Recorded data
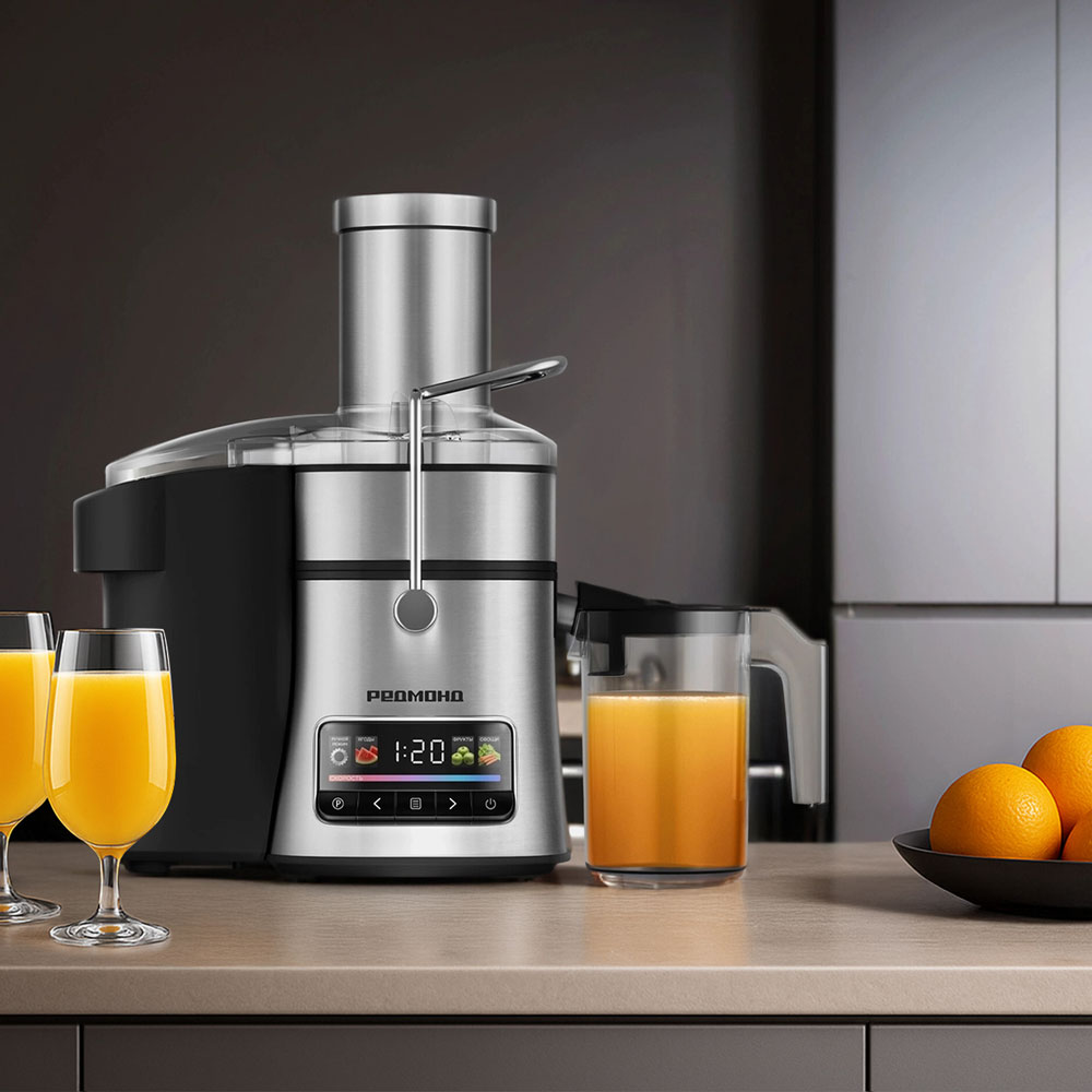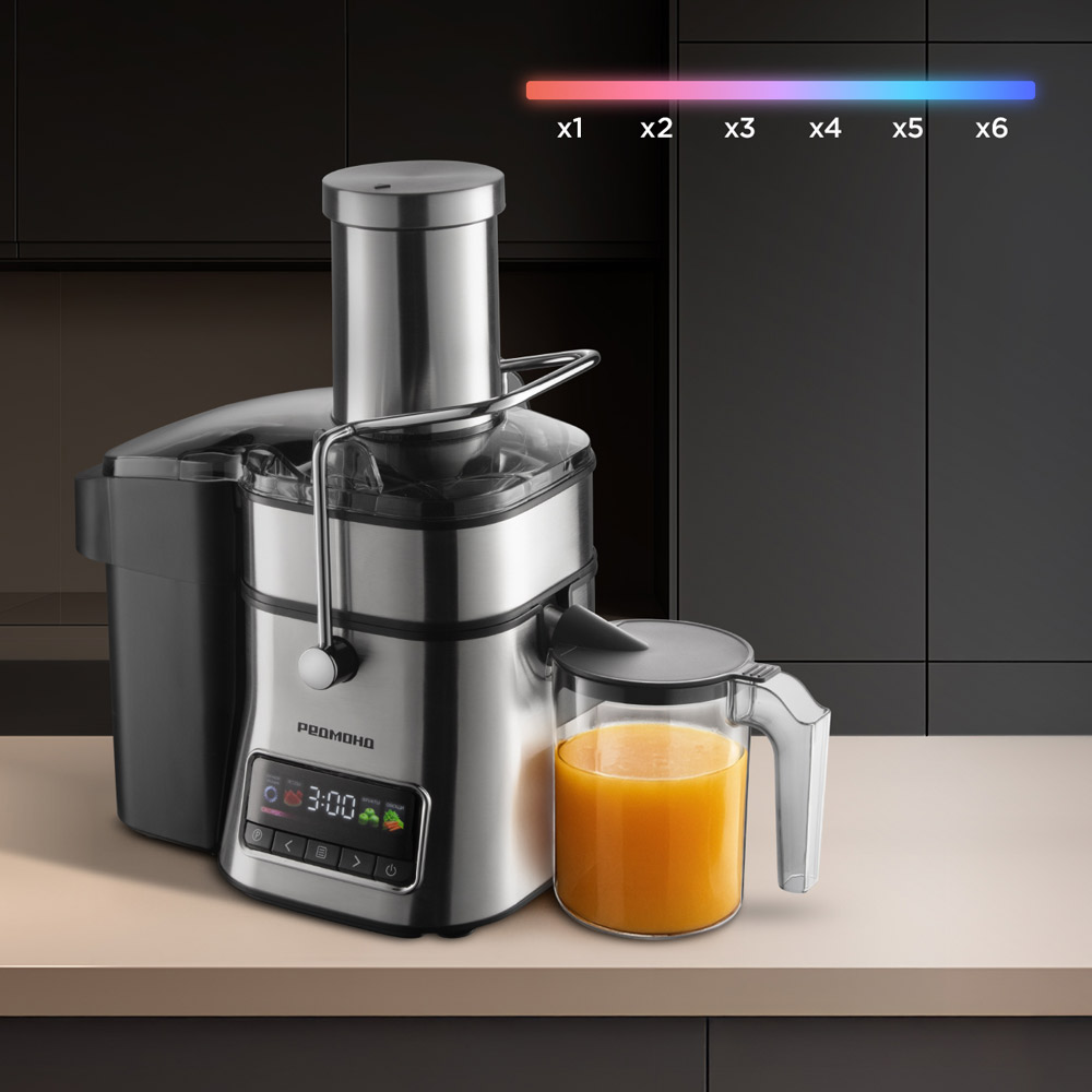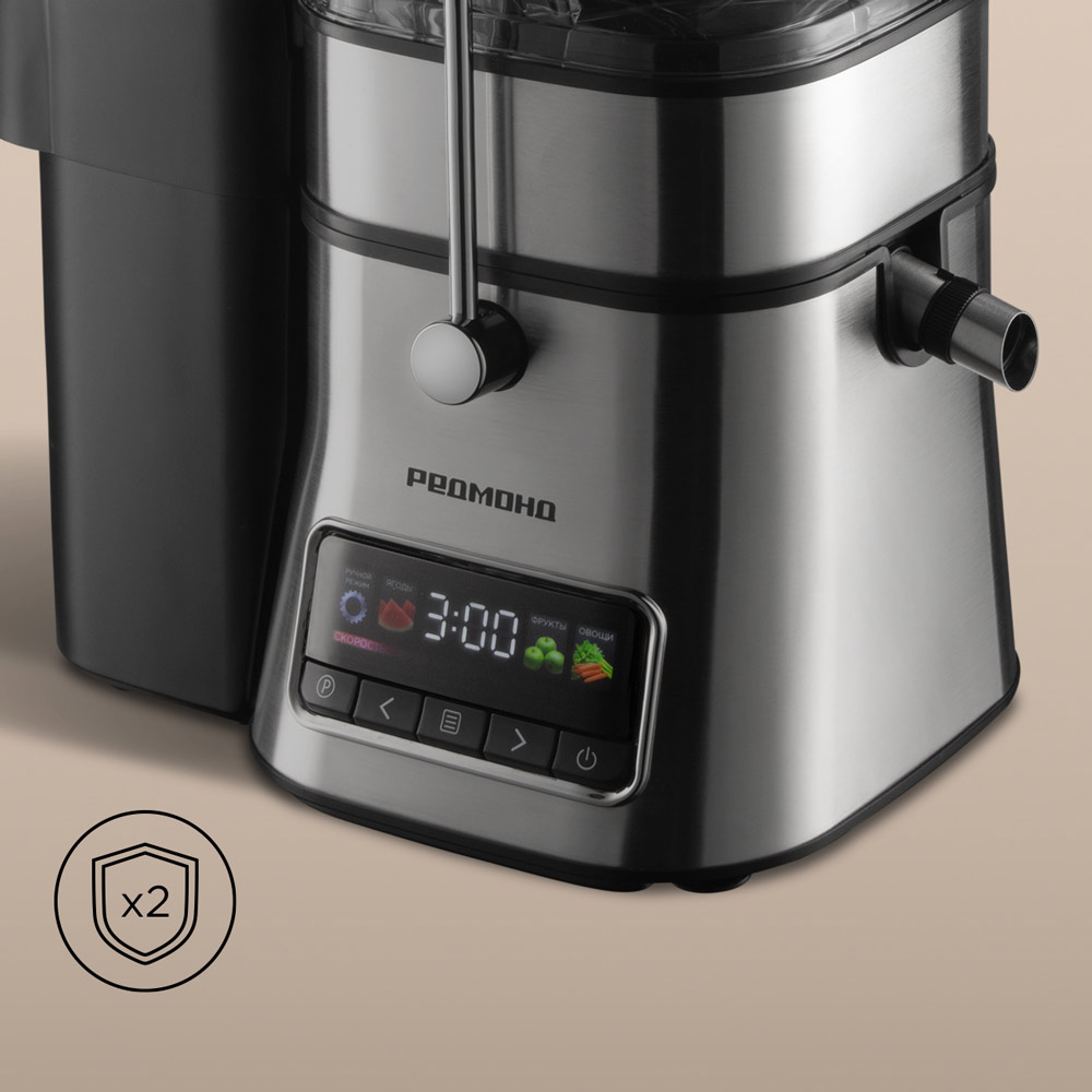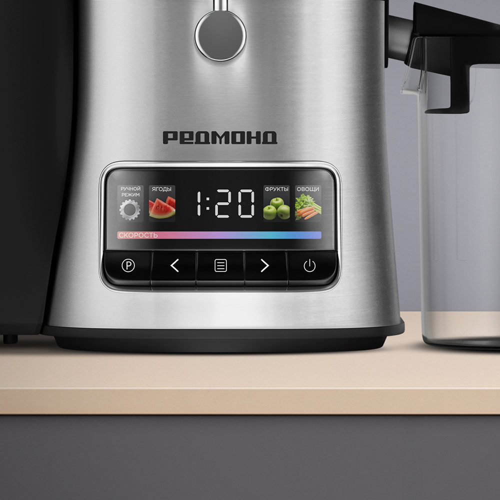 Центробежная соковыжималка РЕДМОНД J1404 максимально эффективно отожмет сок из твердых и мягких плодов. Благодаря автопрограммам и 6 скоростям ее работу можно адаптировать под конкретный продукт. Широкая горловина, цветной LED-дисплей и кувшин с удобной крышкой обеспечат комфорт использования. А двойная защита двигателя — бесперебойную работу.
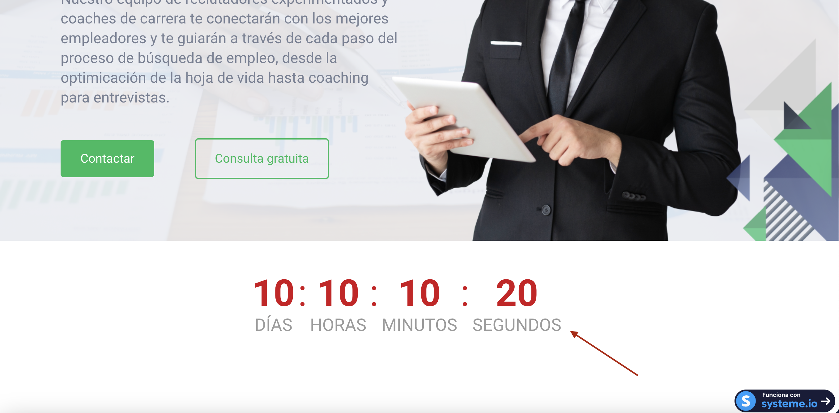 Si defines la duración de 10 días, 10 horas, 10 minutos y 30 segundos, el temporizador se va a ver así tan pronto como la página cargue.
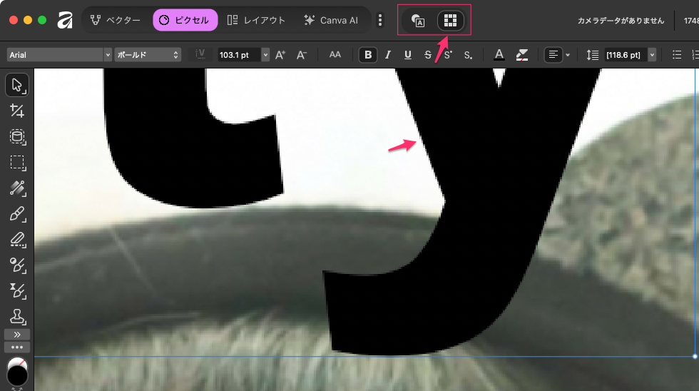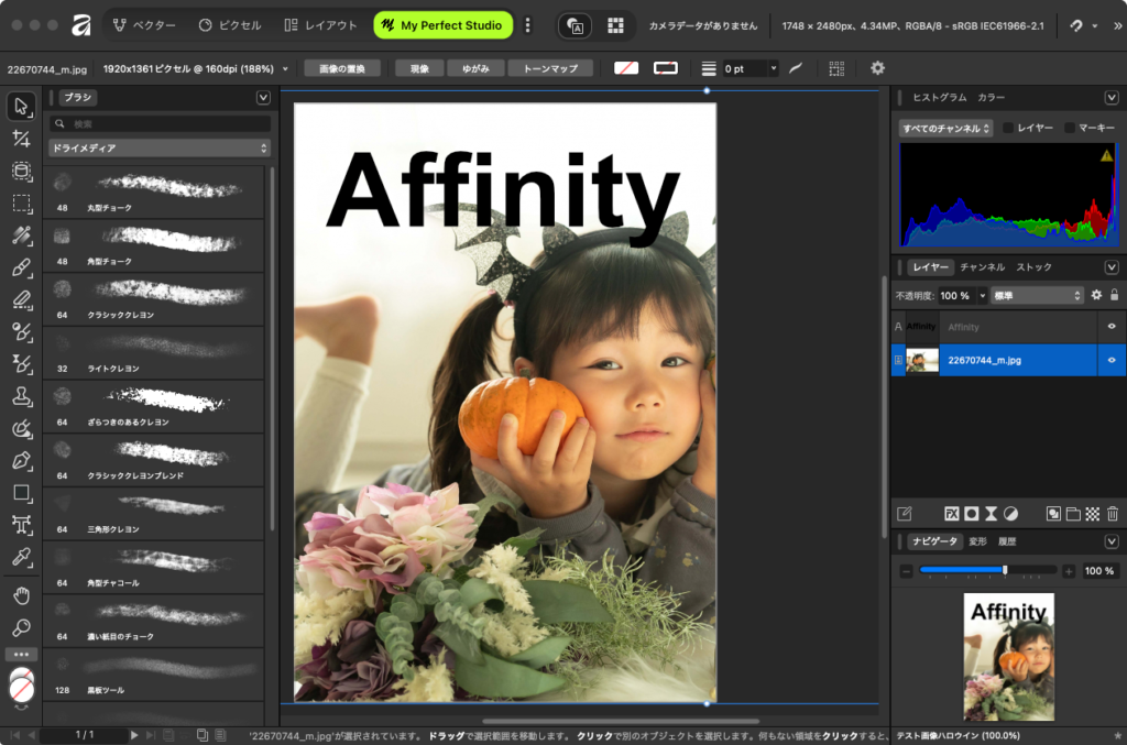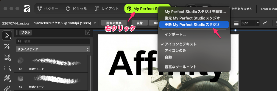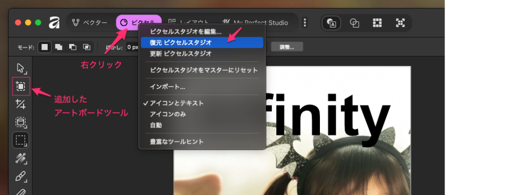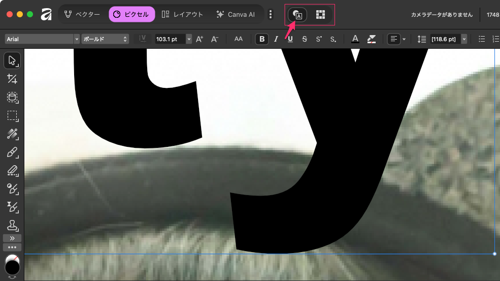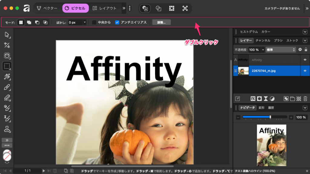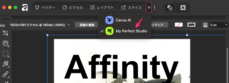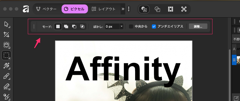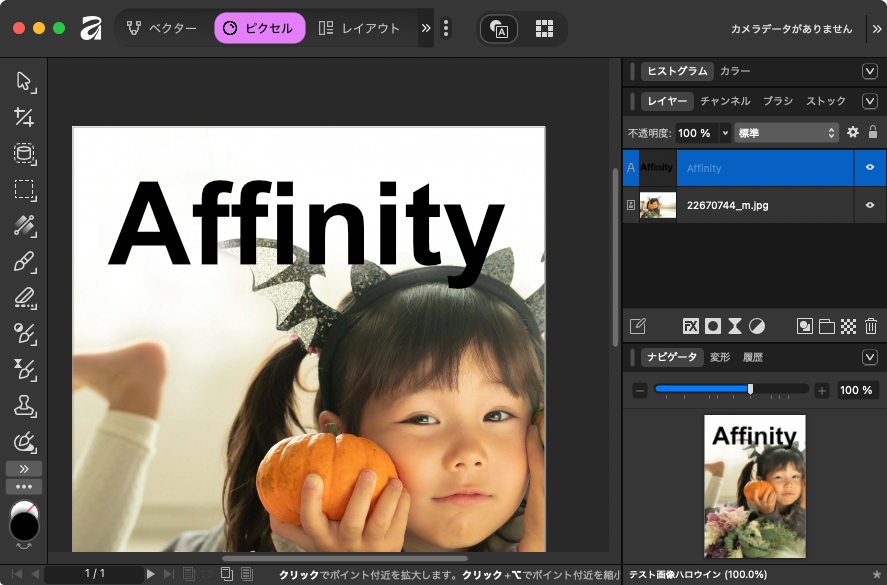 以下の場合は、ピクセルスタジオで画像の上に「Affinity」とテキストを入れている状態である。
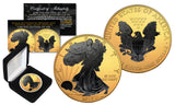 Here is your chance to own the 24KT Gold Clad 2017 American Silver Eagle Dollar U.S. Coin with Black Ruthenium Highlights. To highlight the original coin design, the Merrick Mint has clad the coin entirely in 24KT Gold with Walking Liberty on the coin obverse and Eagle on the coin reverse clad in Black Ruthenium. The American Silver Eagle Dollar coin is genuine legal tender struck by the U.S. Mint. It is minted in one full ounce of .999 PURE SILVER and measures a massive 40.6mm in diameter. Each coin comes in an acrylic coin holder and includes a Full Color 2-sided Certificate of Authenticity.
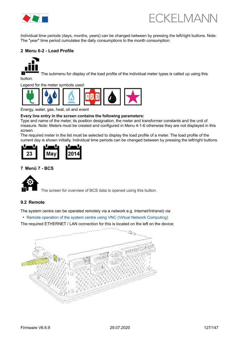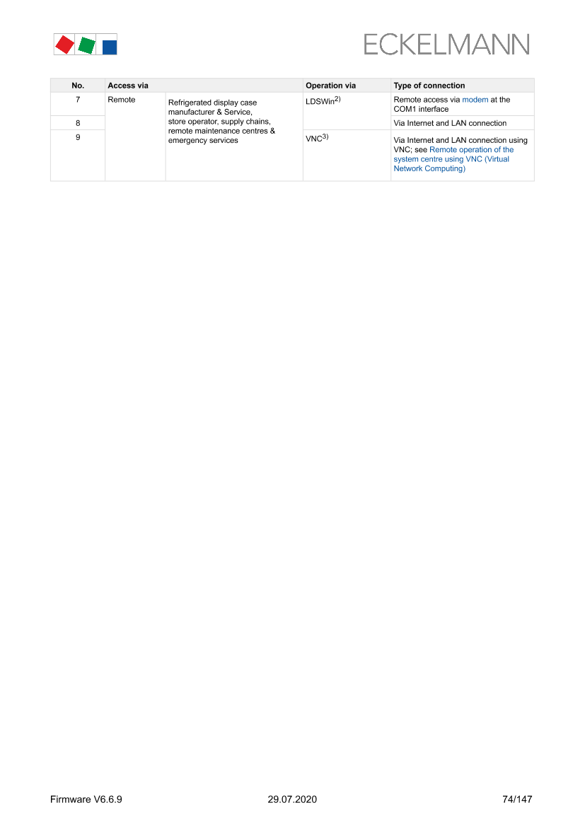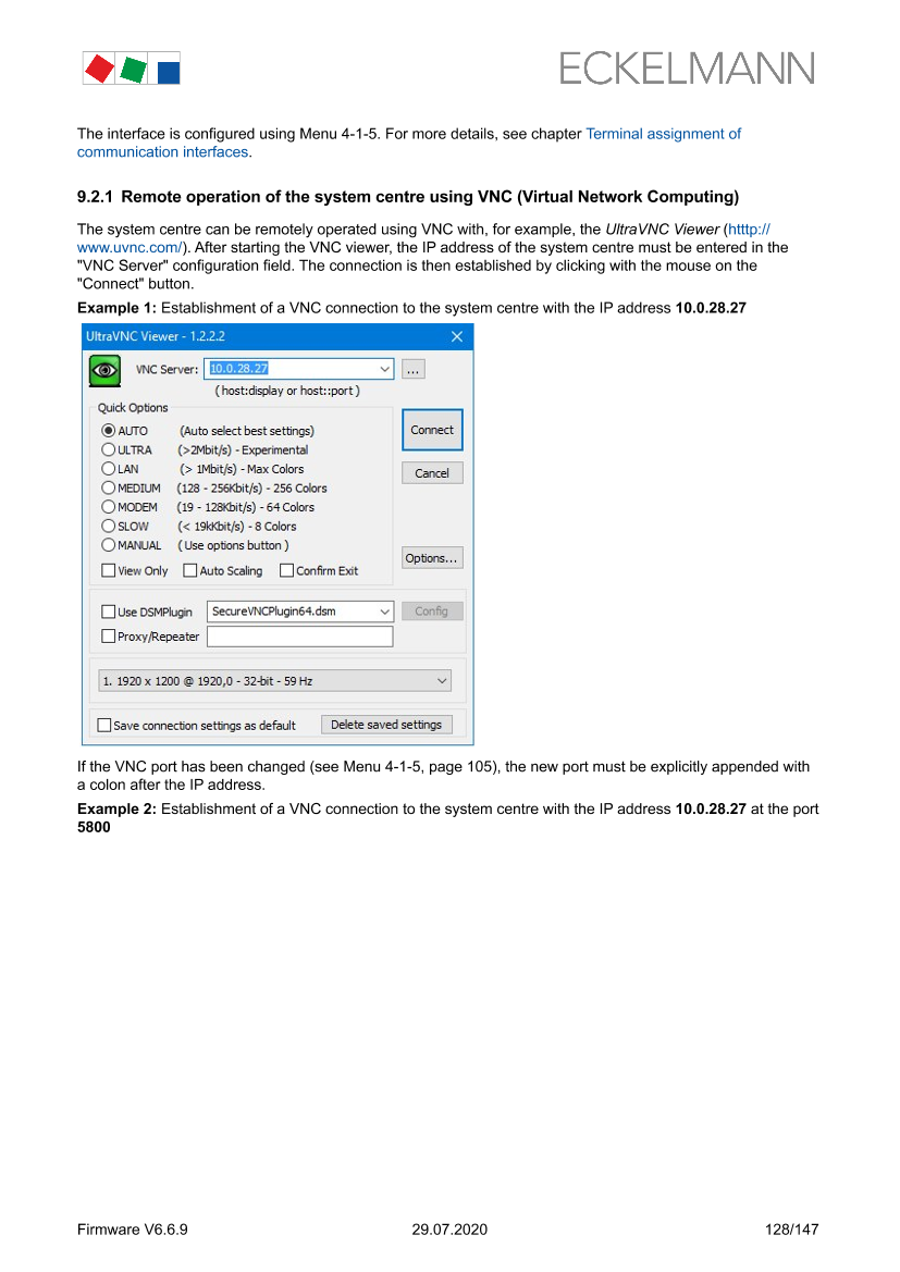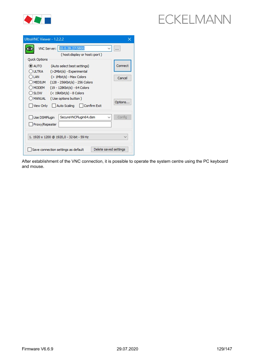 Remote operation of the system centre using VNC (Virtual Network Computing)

Task brief
The entries above should be retyped exactly, minus any pictures.

Solution below
 Центробежная соковыжималка РЕДМОНД J1404 максимально эффективно отожмет сок из твердых и мягких плодов. Благодаря автопрограммам и 6 скоростям ее работу можно адаптировать под конкретный продукт. Широкая горловина, цветной LED-дисплей и кувшин с удобной крышкой обеспечат комфорт использования. А двойная защита двигателя — бесперебойную работу.
 Si defines la duración de 10 días, 10 horas, 10 minutos y 30 segundos, el temporizador se va a ver así tan pronto como la página cargue.
 以下の場合は、ピクセルスタジオで画像の上に「Affinity」とテキストを入れている状態である。
 Here is your chance to own the 24KT Gold Clad 2017 American Silver Eagle Dollar U.S. Coin with Black Ruthenium Highlights. To highlight the original coin design, the Merrick Mint has clad the coin entirely in 24KT Gold with Walking Liberty on the coin obverse and Eagle on the coin reverse clad in Black Ruthenium. The American Silver Eagle Dollar coin is genuine legal tender struck by the U.S. Mint. It is minted in one full ounce of .999 PURE SILVER and measures a massive 40.6mm in diameter. Each coin comes in an acrylic coin holder and includes a Full Color 2-sided Certificate of Authenticity.
 Remote operation of the system centre using VNC (Virtual Network Computing)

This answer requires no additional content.